▶ WORK REQUIRED
From the records below, please repeat exactly the line that has "Taras zalewowy (strefa", the line that has "4点セット/テーブル 120×75cm+ベンチ+チェア2脚", and every line between them, and nothing else.

▶ INFORMATION PROVIDED
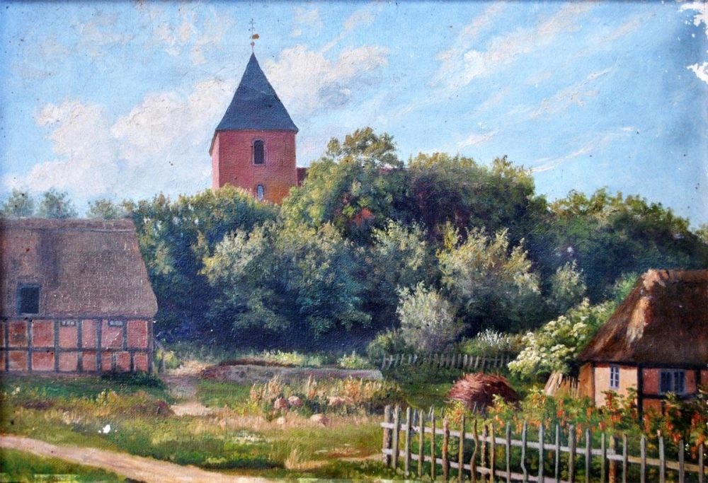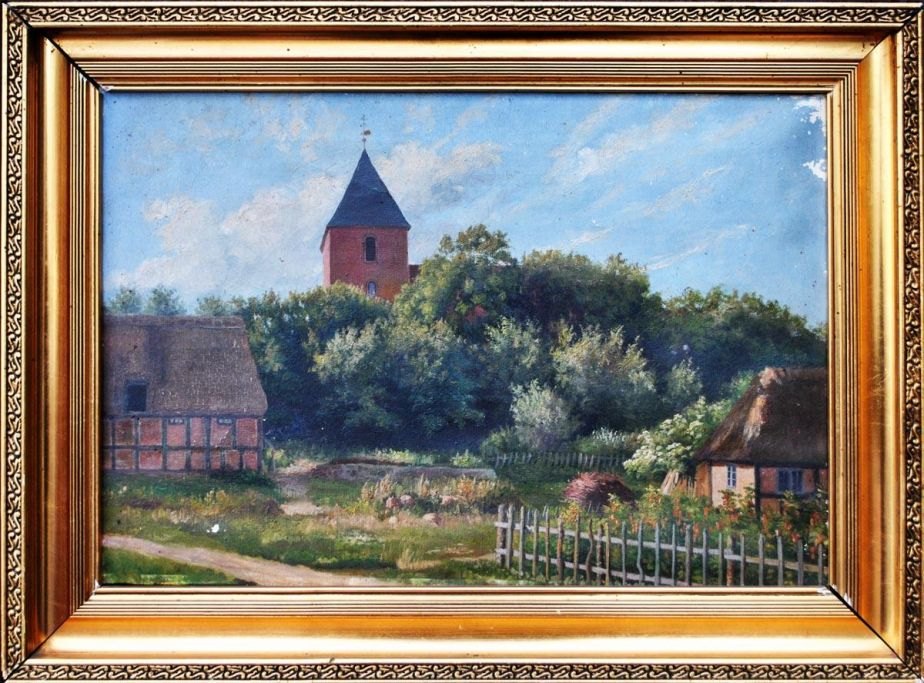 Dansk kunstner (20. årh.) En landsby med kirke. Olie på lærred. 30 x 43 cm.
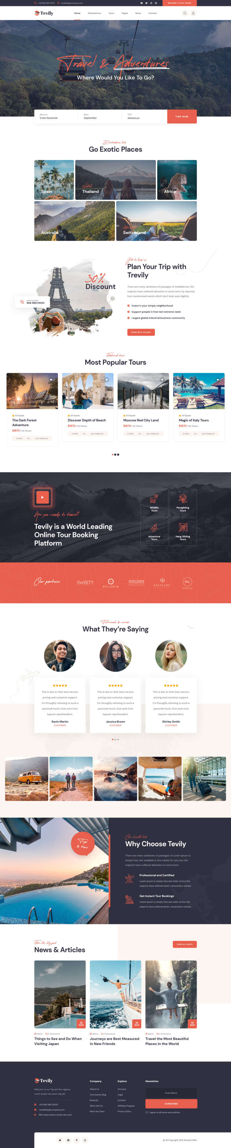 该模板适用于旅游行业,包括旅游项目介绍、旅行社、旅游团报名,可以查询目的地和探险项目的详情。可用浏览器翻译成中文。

--

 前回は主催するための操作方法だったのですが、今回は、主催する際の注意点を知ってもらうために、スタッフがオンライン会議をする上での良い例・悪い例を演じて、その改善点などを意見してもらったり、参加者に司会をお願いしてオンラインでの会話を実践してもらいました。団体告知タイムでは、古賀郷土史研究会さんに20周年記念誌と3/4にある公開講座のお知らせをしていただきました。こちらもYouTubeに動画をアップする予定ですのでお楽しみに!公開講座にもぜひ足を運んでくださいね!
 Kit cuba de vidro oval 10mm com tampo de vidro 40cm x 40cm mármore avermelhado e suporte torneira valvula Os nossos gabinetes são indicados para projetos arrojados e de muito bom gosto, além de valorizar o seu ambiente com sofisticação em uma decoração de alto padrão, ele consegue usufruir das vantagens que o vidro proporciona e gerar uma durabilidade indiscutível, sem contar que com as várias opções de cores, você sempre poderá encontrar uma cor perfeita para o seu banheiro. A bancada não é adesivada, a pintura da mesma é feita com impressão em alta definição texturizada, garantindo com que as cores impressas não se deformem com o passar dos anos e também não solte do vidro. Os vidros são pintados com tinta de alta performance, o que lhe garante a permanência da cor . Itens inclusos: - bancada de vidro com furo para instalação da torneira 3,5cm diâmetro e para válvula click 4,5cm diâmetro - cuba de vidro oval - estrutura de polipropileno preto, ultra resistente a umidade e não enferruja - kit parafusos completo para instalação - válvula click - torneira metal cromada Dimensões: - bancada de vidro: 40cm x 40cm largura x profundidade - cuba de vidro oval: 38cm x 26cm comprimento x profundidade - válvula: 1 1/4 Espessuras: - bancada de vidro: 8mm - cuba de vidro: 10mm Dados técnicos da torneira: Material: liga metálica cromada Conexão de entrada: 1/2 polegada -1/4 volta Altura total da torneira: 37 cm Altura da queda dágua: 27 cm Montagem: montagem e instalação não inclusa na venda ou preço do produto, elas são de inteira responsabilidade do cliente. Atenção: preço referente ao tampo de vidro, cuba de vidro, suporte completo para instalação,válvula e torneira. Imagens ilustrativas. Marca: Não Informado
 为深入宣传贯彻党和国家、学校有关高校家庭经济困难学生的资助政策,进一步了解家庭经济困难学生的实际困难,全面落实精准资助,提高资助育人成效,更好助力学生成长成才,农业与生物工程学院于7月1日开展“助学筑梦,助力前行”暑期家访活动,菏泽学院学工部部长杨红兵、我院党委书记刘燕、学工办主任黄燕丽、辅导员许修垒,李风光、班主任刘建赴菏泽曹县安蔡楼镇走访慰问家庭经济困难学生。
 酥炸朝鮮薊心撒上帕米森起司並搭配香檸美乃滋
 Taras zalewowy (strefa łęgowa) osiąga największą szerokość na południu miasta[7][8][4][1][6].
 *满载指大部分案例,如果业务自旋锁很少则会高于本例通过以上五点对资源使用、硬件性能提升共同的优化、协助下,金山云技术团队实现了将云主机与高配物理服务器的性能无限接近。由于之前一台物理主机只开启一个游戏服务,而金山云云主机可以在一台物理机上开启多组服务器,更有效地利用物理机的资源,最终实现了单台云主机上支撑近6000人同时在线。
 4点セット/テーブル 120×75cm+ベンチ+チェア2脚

▶ SOLUTION BELOW
 Taras zalewowy (strefa łęgowa) osiąga największą szerokość na południu miasta[7][8][4][1][6].
 *满载指大部分案例,如果业务自旋锁很少则会高于本例通过以上五点对资源使用、硬件性能提升共同的优化、协助下,金山云技术团队实现了将云主机与高配物理服务器的性能无限接近。由于之前一台物理主机只开启一个游戏服务,而金山云云主机可以在一台物理机上开启多组服务器,更有效地利用物理机的资源,最终实现了单台云主机上支撑近6000人同时在线。
 4点セット/テーブル 120×75cm+ベンチ+チェア2脚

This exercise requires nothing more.